Una de las cosas que más costó en las primeras crisis del ébola en Congo y otros países fue la de convencer a la población a que no sometiese a sus seres queridos fallecidos por el brote a los tradicionales ritos de lavado, antes de despedirse de ellos. Terminaban todos contagiados. A veces hay que cambiar nuestro proceder, por mucho que nos cueste, para obtener resultados diferentes. La educación nos hace entender que ese, y no otro, es el camino ahora. Ahórrense las diatribas. Los estériles debates. Los improperios a favor o en contra del Gobierno Central, de los Autonómicos, o de cualquiera de sus iconos. No va con ellos. Ni son ellos los que deben motivar nuestro comportamiento. Es nuestra educación. Nuestro conocimiento de la causalidad -relación causa efecto- y de que un virus nos amenaza y, a través de nosotros y convirtiéndonos en su vector, también a todos los demás. Eso es lo que ha de conmovernos y convencernos. Nada más.

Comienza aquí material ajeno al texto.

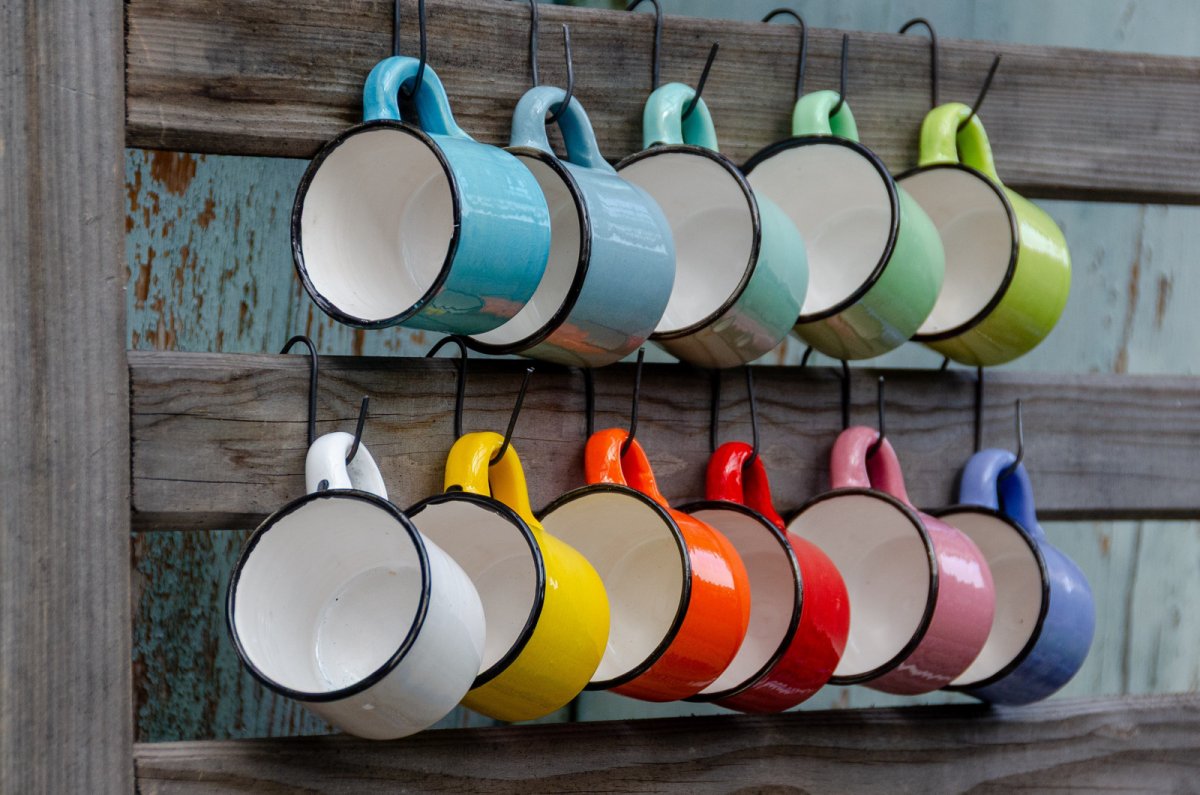 Keramický hrneček v plechovém stylu je vyrobený na hrnčířském kruhu. Uvnitř je glazován bílou glazurou. Vnější glazura v různých barvách je doplněna černou linkou. Všechny glazury jsou zdravotně nezávadné.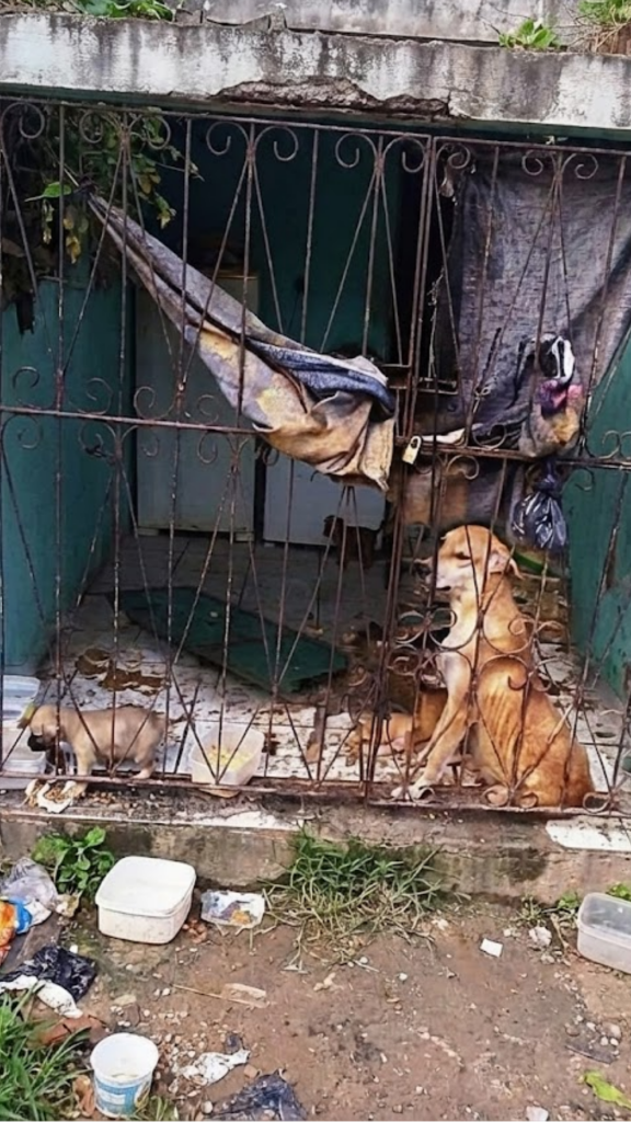 Behind that door, inside a neglected space no one visited anymore, a mother dog and her four tiny puppies lived in quiet isolation. No sunlight reached them. No fresh air moved through the room. The space felt heavy, as if time itself had slowed and forgotten them. The silence was not peaceful. It was dangerous.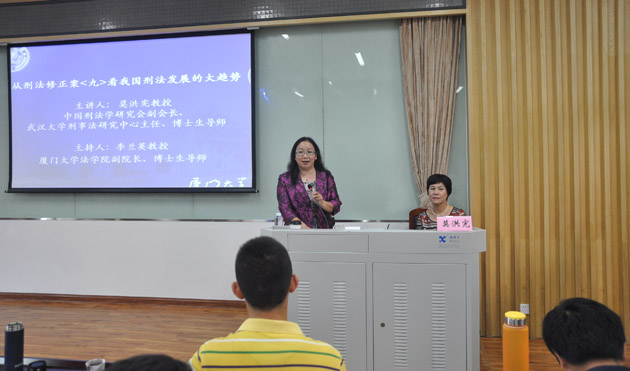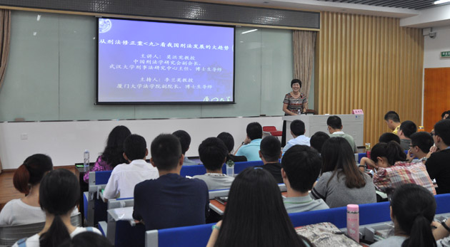 金秋十月的厦门阳光恬静,柔风和煦,送走国庆长假的络绎宾客,厦门大学法学院又迎来一场不同凡响的学术盛宴。10月8日的下午三点,中国刑法学研究会副会长、武汉大学刑事法研究中心主任莫洪宪教授应厦门大学经济犯罪研究中心的邀请,在法学院137报告厅为法学院学子带来了一场题为“从《刑法修正案(九)》看我国刑法发展的大趋势”的学术讲座。厦门大学法学院副院长、博士生导师李兰英教授出席并主持本次讲座,刑法教研室全体教师、博士生、硕士生参与并聆听了讲座。同学们的积极参与使得会场内座无虚席,盛况空前。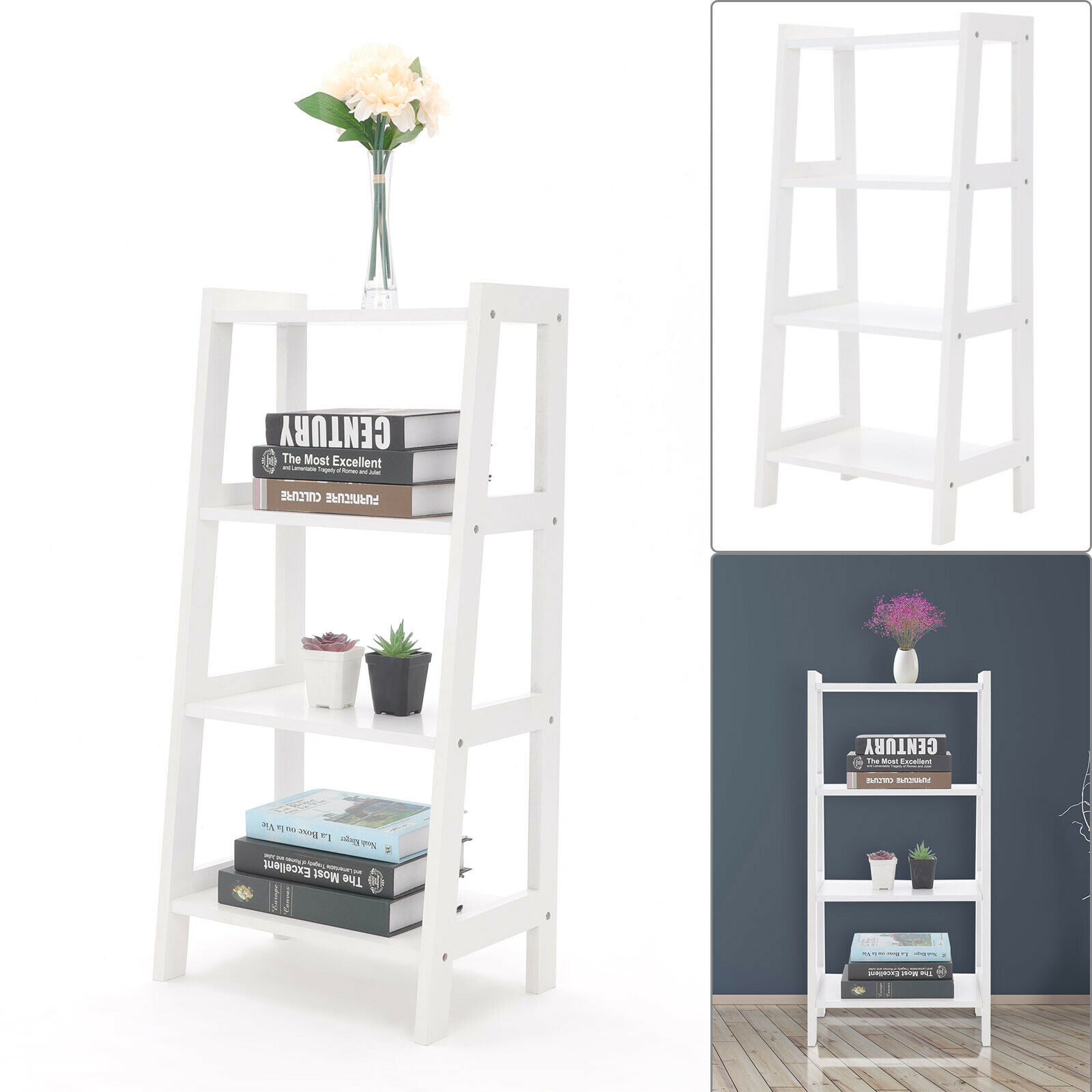 White Ladder Shelf Wooden 4 Tier Storage Unit Display Stand Bathroom Christow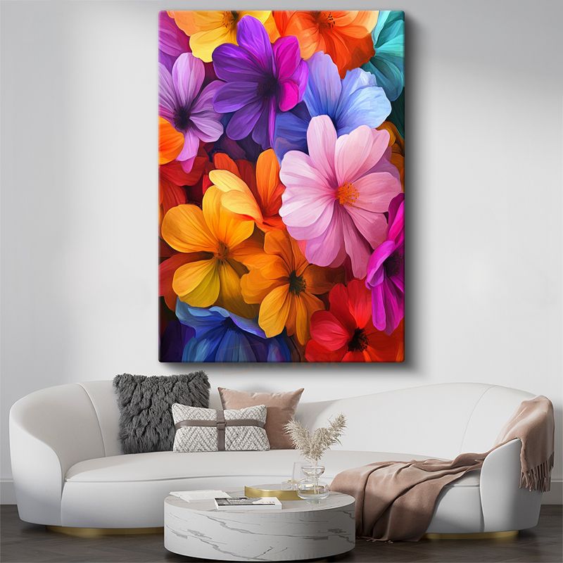 Renk Cümbüşü Çiçekler - Canlı Kozmoslar Kanvas Tablo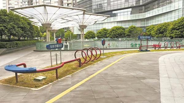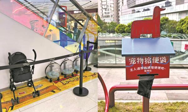 江北区的万象城专门设置了宠物卫生间——“便便收集所”和狗狗撒欢地,配备了隔尿垫、拾便袋、宠物专用湿巾及消毒喷雾。来福士广场设置了室外“毛孩子接头处”,供“毛孩子”交友玩耍,并提供拾便袋。
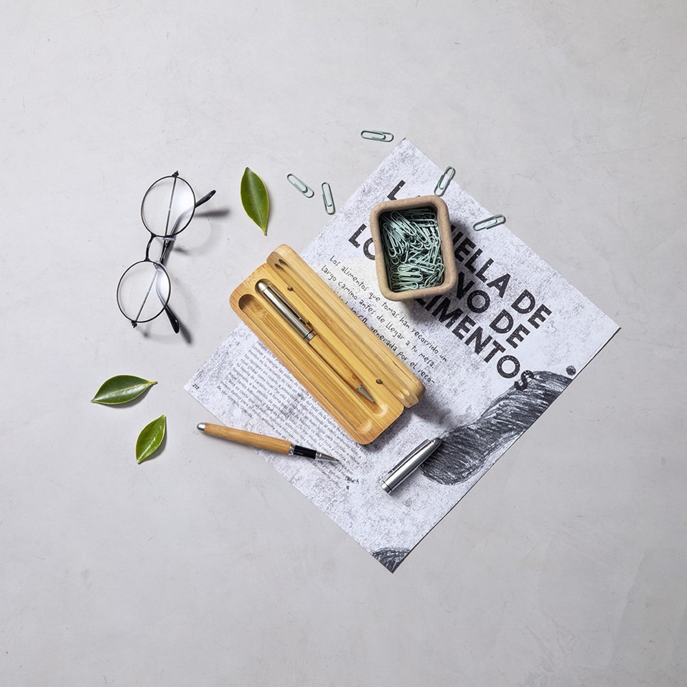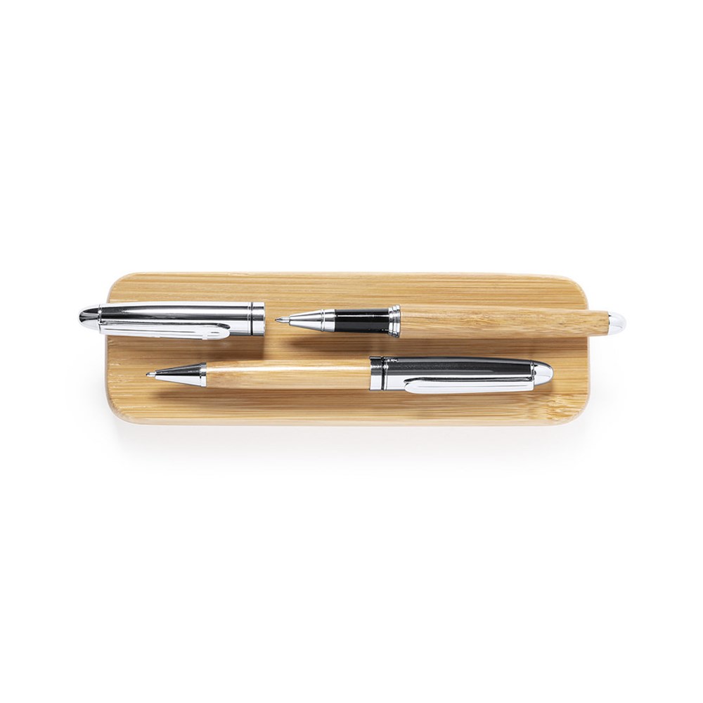 Linie "Natur" Kugelschreiber- und Rollerpenset. Hergestellt aus einer Kombination von Bambus und Metall, um die Verwendung von natürlichen Rohstoffen zu fördern und Schadstoffemissionen zu reduzieren. Kugelschreiber mit Drehmechanik und blauer Tinte. Rollerpen mit Kappe, Gel-Tinte in Blau und Jumbo-Mine. Präsentiert in einem individuellen Bambusetui.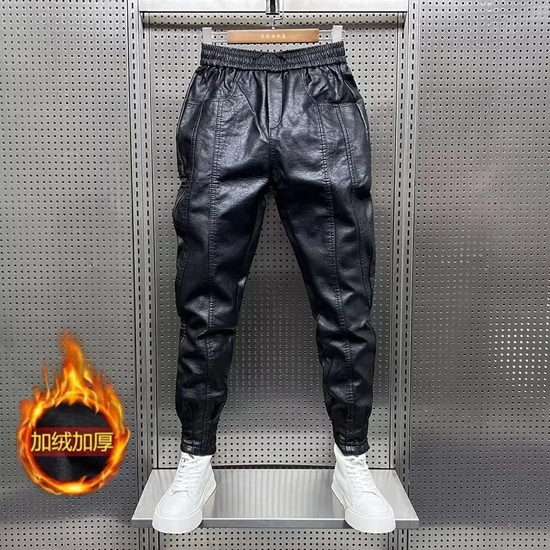 Брюки мужские кожаные в стиле хип-хоп, свободные повседневные Прямые однотонные черные штаны в стиле Харадзюку, брендовая уличная одежда дл...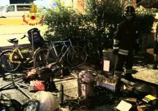 Batteria di e-bike si surriscalda, negozio di bici a fuoco nella notte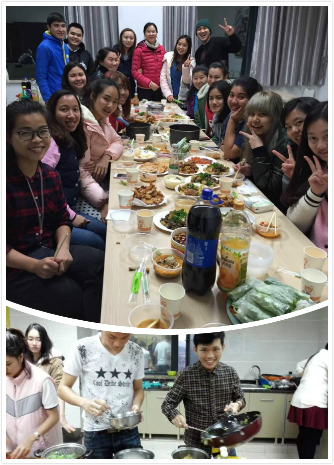近日,三亿组织部分职工开展了特殊的班级活动:美食文化主题班会。各国职工们共同制作独具特色的美食,并邀请老师们品尝。主要有:泰国酸辣汤、鸡蛋饼、炸鸡;越南春卷、河粉牛肉卷;蒙古饺子;哈萨克斯坦土豆牛肉、哈式炸包子等。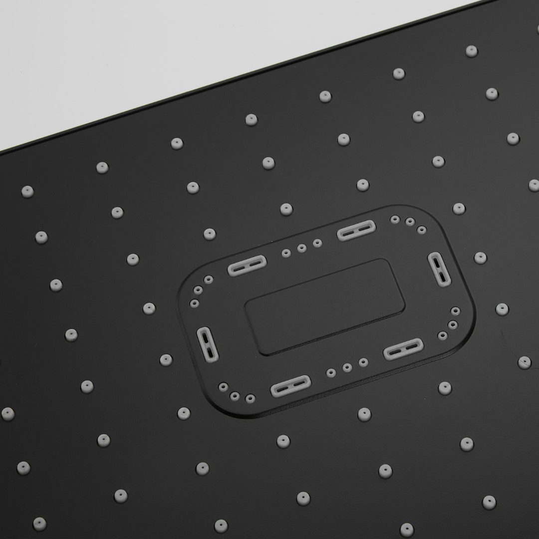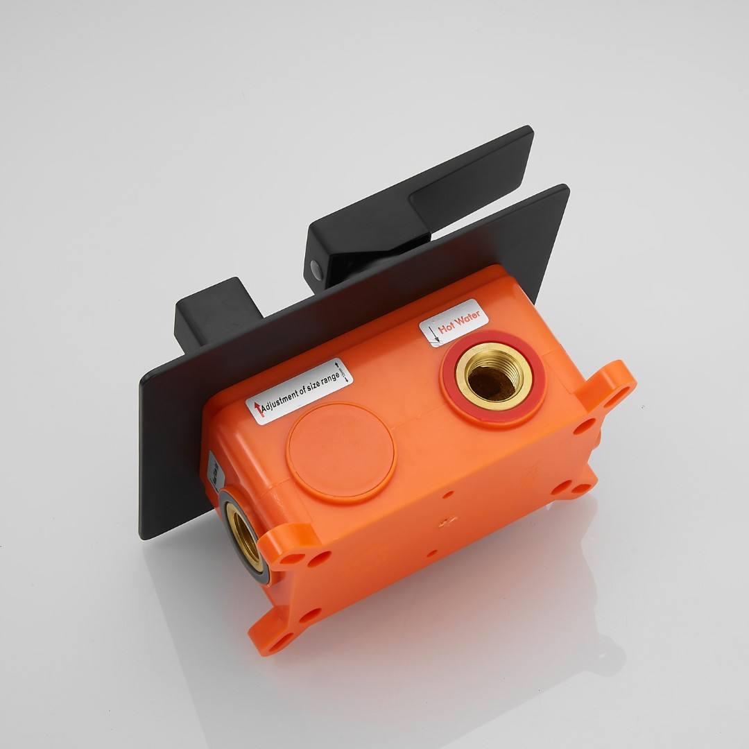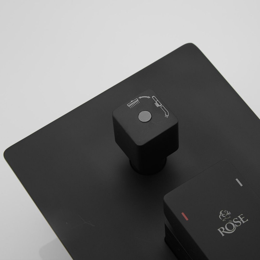 Комплектация: верхний душ, держатель для душевой лейки, душевая лейка, душевой шланг, наружная часть смесителя, смеситель, шланговое подключение.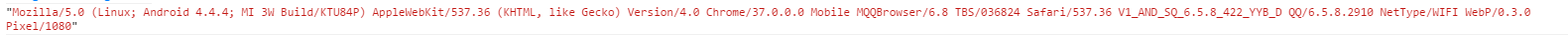 “Mozilla/5.0 (Linux; Android 4.4.4; MI 3W Build/KTU84P) AppleWebKit/537.36 (KHTML, like Gecko) Version/4.0 Chrome/37.0.0.0 Mobile MQQBrowser/6.8 TBS/036824 Safari/537.36 V1_AND_SQ_6.5.8_422_YYB_D QQ/6.5.8.2910 NetType/WIFI WebP/0.3.0 Pixel/1080”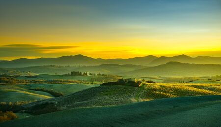 Tuscany, rural landscape at sunset. Rural farm, cypresses, green field, sunshine and clouds. Italy, Europe.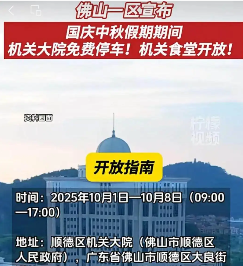 佛山顺德区政府国庆期间开放机关大院停车位与食堂,以实实在在的服务破解旅游难题,展现了服务型政府的开放姿态,这比传统的文旅优惠券更能赢得人心。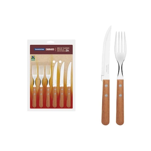 O churrasqueiro é sempre o último a sentar à mesa. Mas para garantir que os convidados também tratem o assado com respeito, nada melhor do que escolher os talheres certos para isso. A linha Churrasco da Tramontina tem cabos de madeira, que resistem ao tempo e à umidade, e lâminas em aço inox para garantir o corte perfeito das carnes. Lâminas de aço inox. Cabos de madeira natural. Rebites de alumínio. Uso seguro e adequado Antes da primeira utilização, lave bem as peças e seque-as. Tenha cuidado ao manusear produtos cortantes e perfurantes e mantenha-os fora do alcance de crianças. Para maior durabilidade dos produtos, recomenda-se secar bem antes de guardar. Para descarte dos produtos e embalagens siga as orientações de reciclagem vigentes. Ficha técnica - Cor: Inox Medidas aproximadas do produto - Comprimento: 3,5 cm - Altura: 31,5 cm - Largura: 22 cm - Peso: 340 g Ean: 07891112091191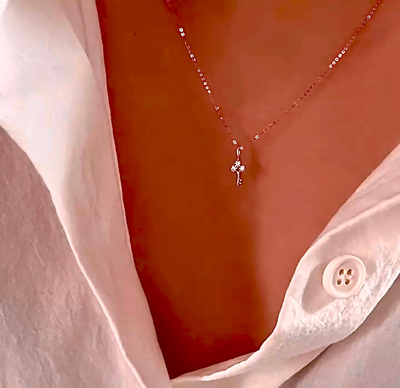 Delicate Clavicle Key Necklace 14K Gold, 925 Sterling Silver

Esta Navidad yo estaré en contacto telefónico con mi familia, con la que llevo esos 52 años ininterrumpidos cenando y comiendo, aparte de otros muchos más días, el 24, el 25 y el 31 de diciembre y el 1 y 6 de enero, y me sentirán cerca, como siempre. Pero ni les pondré en peligro ni viceversa. Háganlo así, se diga lo que se diga y se cuente lo que se cuente. Cualquier contacto estrecho con no convivientes es una nueva posible puerta de avance del virus. Y comer juntos implica todas las papeletas para que planee sobre todos el desastre. No es prohibición. Es educación. No es decreto, ni siquiera sentido común. Es ciencia. Es lógica. Es orientación a resultados. Es buscar lo mejor de nosotros mismos para construir lo de todos. Sin ninguna duda.